**What is required**:
Look through the entries below and extract exactly the lines from the one containing "大きなスイカに興味しんしんの乳児さん♬" through the one containing "Minimal Geyik Logolu", ends included.

**Excerpted data**:
________________________________________
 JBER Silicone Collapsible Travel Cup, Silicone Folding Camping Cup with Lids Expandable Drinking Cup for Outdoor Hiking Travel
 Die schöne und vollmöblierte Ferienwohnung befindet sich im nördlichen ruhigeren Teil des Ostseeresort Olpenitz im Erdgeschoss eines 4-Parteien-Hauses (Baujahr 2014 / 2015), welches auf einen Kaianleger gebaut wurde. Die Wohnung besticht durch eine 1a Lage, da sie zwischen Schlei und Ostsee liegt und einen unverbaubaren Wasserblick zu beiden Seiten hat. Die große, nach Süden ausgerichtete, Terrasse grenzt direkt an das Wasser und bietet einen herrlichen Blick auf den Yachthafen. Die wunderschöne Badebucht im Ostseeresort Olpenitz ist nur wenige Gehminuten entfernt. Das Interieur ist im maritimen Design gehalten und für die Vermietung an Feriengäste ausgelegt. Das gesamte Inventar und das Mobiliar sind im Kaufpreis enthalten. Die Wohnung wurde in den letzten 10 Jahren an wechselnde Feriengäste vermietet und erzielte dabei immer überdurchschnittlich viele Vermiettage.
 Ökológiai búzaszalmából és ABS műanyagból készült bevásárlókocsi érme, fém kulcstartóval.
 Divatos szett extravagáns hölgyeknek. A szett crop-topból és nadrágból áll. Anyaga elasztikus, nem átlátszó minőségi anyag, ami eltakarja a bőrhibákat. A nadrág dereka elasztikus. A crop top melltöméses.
________________________________________
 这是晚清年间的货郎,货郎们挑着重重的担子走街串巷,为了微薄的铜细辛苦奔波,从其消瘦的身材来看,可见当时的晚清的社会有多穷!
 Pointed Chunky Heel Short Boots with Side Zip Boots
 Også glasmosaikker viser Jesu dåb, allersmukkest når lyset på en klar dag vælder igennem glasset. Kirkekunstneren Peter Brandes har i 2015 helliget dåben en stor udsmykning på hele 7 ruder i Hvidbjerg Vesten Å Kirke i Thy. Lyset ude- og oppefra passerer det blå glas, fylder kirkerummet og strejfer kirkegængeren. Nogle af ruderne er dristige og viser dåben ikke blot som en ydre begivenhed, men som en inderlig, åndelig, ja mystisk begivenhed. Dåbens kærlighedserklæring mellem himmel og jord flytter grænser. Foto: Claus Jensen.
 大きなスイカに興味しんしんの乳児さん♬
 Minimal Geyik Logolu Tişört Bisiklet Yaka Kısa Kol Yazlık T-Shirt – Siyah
________________________________________
**Task response**:
 大きなスイカに興味しんしんの乳児さん♬
 Minimal Geyik Logolu Tişört Bisiklet Yaka Kısa Kol Yazlık T-Shirt – Siyah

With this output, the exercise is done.